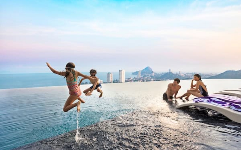 ・ 26階のスカイバーやインフィニティプールからは、ホアヒンの街並みと海を一望。夕暮れ時の景色は特におすすめです。
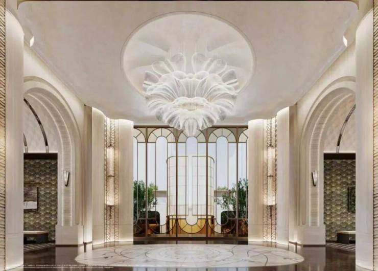 悦己显己的本真,复刻海派优雅,以高门大院礼序,约280米超尺度界面,臻选全球石材-贝克米白石材,于材质的碰撞与共生间,铺陈光影的诗意哲思,重塑当代门庭气度。
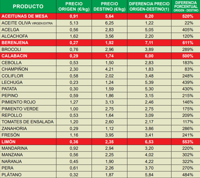 Los limones se clasifican en segundo lugar en este ranking de las diferencias de precio especulativas, con una diferencia porcentual origen/destino del 553. En el campo, el kilo de limones se cotizó a una media de 0’36 euros por kilo, lo que supone un incremento de tres céntimos sobre el precio en marzo. Claro, que esta subida se ha repercudido en el mercado, ya que los consumidores hemos pagado 2’35 euros por kilo de esta fruta, y el céntimo que falta ha pasado a aumentar un poco más el margen de beneficio de los intermediarios.

> _Task directions_
Every line of the listing should be copied precisely, with images omitted.

> _Written response_
 ・ 26階のスカイバーやインフィニティプールからは、ホアヒンの街並みと海を一望。夕暮れ時の景色は特におすすめです。
 悦己显己的本真,复刻海派优雅,以高门大院礼序,约280米超尺度界面,臻选全球石材-贝克米白石材,于材质的碰撞与共生间,铺陈光影的诗意哲思,重塑当代门庭气度。
 Los limones se clasifican en segundo lugar en este ranking de las diferencias de precio especulativas, con una diferencia porcentual origen/destino del 553. En el campo, el kilo de limones se cotizó a una media de 0’36 euros por kilo, lo que supone un incremento de tres céntimos sobre el precio en marzo. Claro, que esta subida se ha repercudido en el mercado, ya que los consumidores hemos pagado 2’35 euros por kilo de esta fruta, y el céntimo que falta ha pasado a aumentar un poco más el margen de beneficio de los intermediarios.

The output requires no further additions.